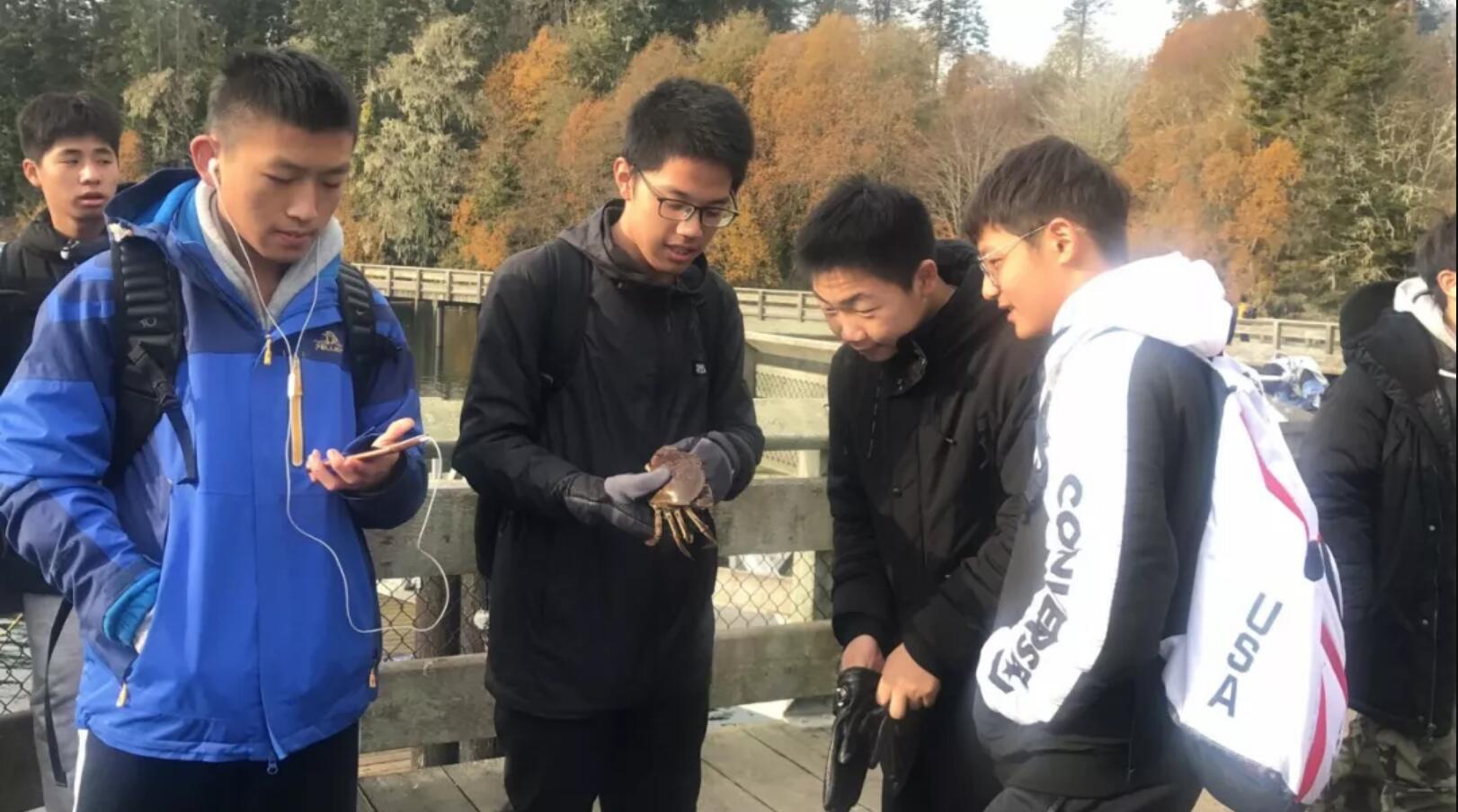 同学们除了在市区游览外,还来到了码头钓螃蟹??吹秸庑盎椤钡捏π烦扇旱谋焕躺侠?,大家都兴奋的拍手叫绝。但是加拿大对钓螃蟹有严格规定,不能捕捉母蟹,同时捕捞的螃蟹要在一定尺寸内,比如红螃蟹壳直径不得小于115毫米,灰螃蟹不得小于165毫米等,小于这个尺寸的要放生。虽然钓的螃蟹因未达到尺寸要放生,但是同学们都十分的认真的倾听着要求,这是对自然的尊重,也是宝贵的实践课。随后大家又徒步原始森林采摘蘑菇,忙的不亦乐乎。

==================================================

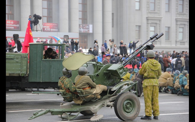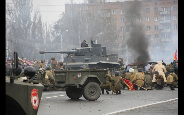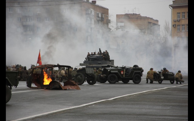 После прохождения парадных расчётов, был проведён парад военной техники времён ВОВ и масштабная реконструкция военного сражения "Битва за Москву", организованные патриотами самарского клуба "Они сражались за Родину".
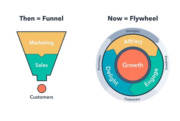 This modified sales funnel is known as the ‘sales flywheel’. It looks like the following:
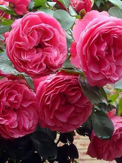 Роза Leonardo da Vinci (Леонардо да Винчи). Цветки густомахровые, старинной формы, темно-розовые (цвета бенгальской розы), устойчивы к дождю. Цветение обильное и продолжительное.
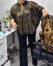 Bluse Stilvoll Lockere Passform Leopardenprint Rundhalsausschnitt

==================================================

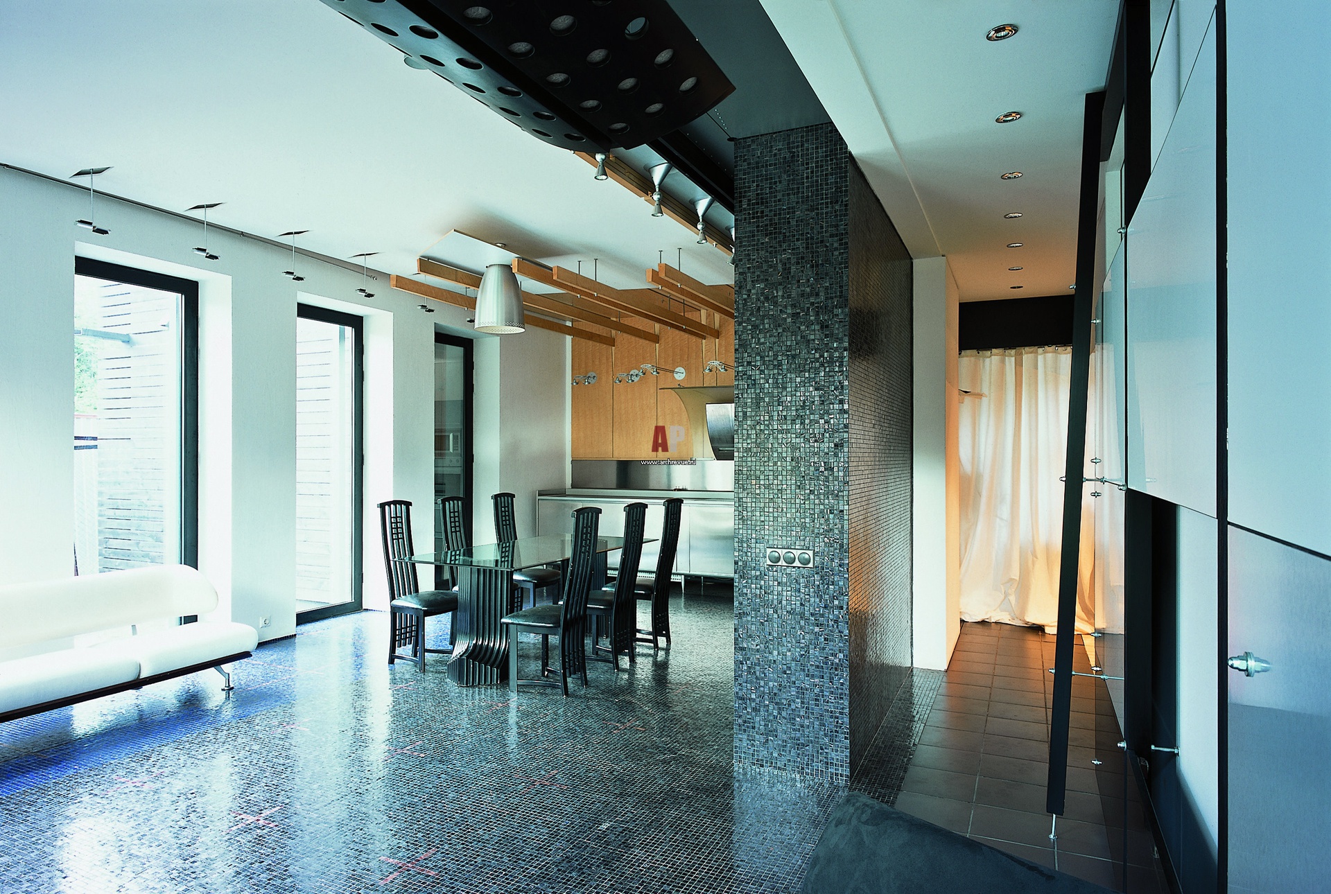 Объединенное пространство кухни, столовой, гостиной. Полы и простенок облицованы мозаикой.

==================================================

▶ DIRECTIONS FOR THIS TASK:
For this exercise, return exactly the lines above from the line with "После прохождения парадных" through the line with "This modified sales", both included. Do not copy the pictures.

▶ RESPONSE BELOW:
 После прохождения парадных расчётов, был проведён парад военной техники времён ВОВ и масштабная реконструкция военного сражения "Битва за Москву", организованные патриотами самарского клуба "Они сражались за Родину".
 This modified sales funnel is known as the ‘sales flywheel’. It looks like the following:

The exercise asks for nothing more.